Thanks to Indiana University’s Susan G. Komen for the Cure Tissue Bank, Radovich had access to high-quality samples for this study. They provided a solid foundation for his research, which led to surprising results. According to the comparison, adjacent tissue isn’t as normal as scientists thought. “It’s actually highly influenced by secretions from the tumor,” Radovich says.

At Indiana University, Milan Radovich uses Ingenuity Pathway Analysis from QIAGEN to analyze breast cancer networks based on RNA-seq data. So far, his results promise to improve studies of genetic changes in tumors and may lead to new treatment options for triple-negative patients — and he’s just getting started.

“IPA is a high-quality database and a really well done tool that gives you faster time to results. You’ve got the confidence that the information it generates is right.”

For this research effort, Radovich microdissected the ductal epithelium, which is where breast cancer originates. He then performed gene expression studies and compared RNA-seq results from the two tissue types, feeding data into IPA to learn more about the pathways. “IPA helped us to prove that the use of a microdissected normal control from the Susan G. Komen tissue bank provides more accurate results and is a superior control compared to what most breast cancer researchers today are using as controls,” he says. “We looked at major regulators causing dysregulation at the RNA level between these two tissues, and then did a ton of network analysis.”
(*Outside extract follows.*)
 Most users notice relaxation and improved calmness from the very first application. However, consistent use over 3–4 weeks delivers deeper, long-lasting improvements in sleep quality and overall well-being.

Based on these remarkable findings, the Komen tissue bank changed its recommendations for researchers in the field; scientists are now alerted that Komen advises using healthy tissues from its biobank as controls instead of adjacent normal samples.
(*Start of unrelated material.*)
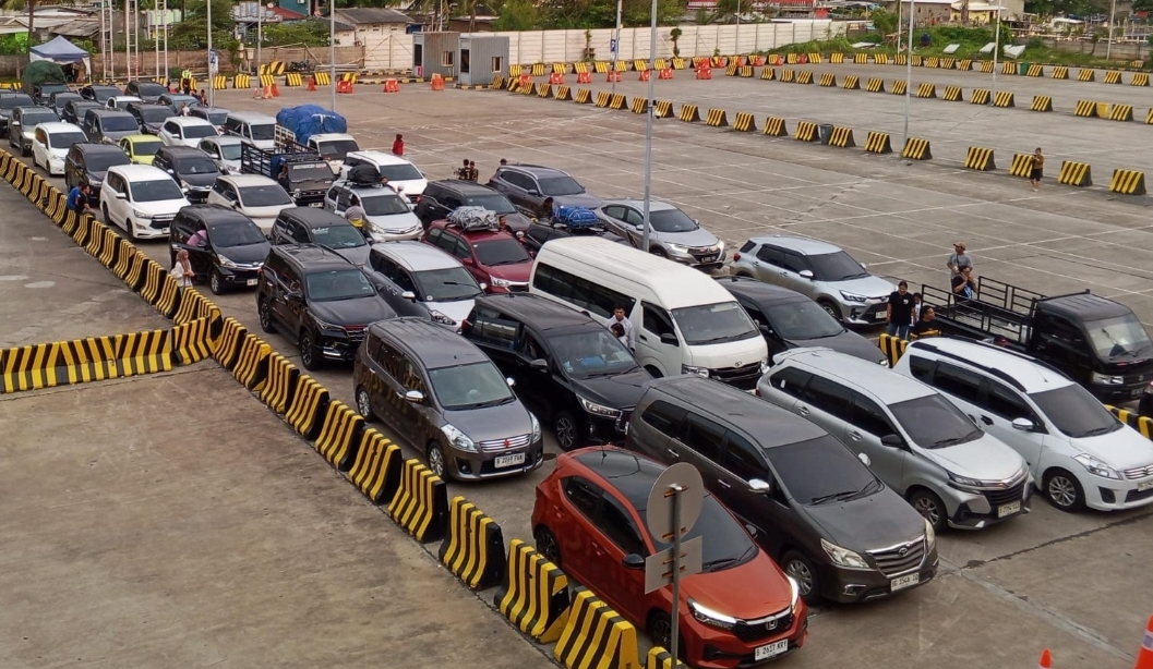Total seluruh kendaraan tercatat 6.911unit yang telah menyeberang dari Sumatera ke Jawa pada H+5 atau turun 2,3% dibandingkan realisasi periode dengan tahun lalu sebanyak 7.072 unit.

As part of this study, Radovich and his team made real strides toward identifying genetic elements that are common across the various types of cancer bundled into the triple-negative group. “Out of 14,000 or so expressed genes, we were able to find with Ingenuity about 146 that acted as the common denominator — and a large proportion of them belong to a single network,” he says. With this new information, his lab is now moving ahead with mouse testing of drug targets that might influence that network.

IPA has played a pivotal role in these studies, says Radovich, who uses several bioinformatics tools, many of them developed at universities. “A company can invest in people who can really debug software and commit to quality control,” he says. “What you’re really buying with IPA is a high-quality database and a really well done tool that gives you faster time to results. You’ve got the confidence that the information it generates is right.” IPA features such as Upstream Regulator Analysis, Causal Network Analysis, and Molecular Activity Predictor go well beyond what publicly available tools can offer, he adds.

His lab has begun to use Variant Analysis as well, which Radovich says is “better than any other variant annotation tool I’ve used.” The team currently uses the Ingenuity tools separately, but is planning projects that would take advantage of both.

Community effort

Ultimately, Radovich has deployed these tools because he knows they can get him closer to his real goal: helping the breast cancer community that has embraced him and his research team. The photos of patients and advocates around his office remind him and his lab colleagues that these are real people who need real solutions.

“I got into breast cancer through where I did my training, but then it was the community that came around me,” Radovich says. “We’ve had a lot of support from advocacy groups, triple-negative breast cancer survivors, and patients who visit our laboratory. They may not be scientists, but they love the work and support it heavily.”

To keep in touch with these champions, the lab has started a Facebook page; patients and lab members alike post and comment actively on it. The team also emails supporters and attends patient visits with their physicians whenever possible. “It’s important to make time for it,” Radovich says. “I want my laboratory to always remember why they do what they do. The patients, survivors, and advocates are a phenomenal group of people.”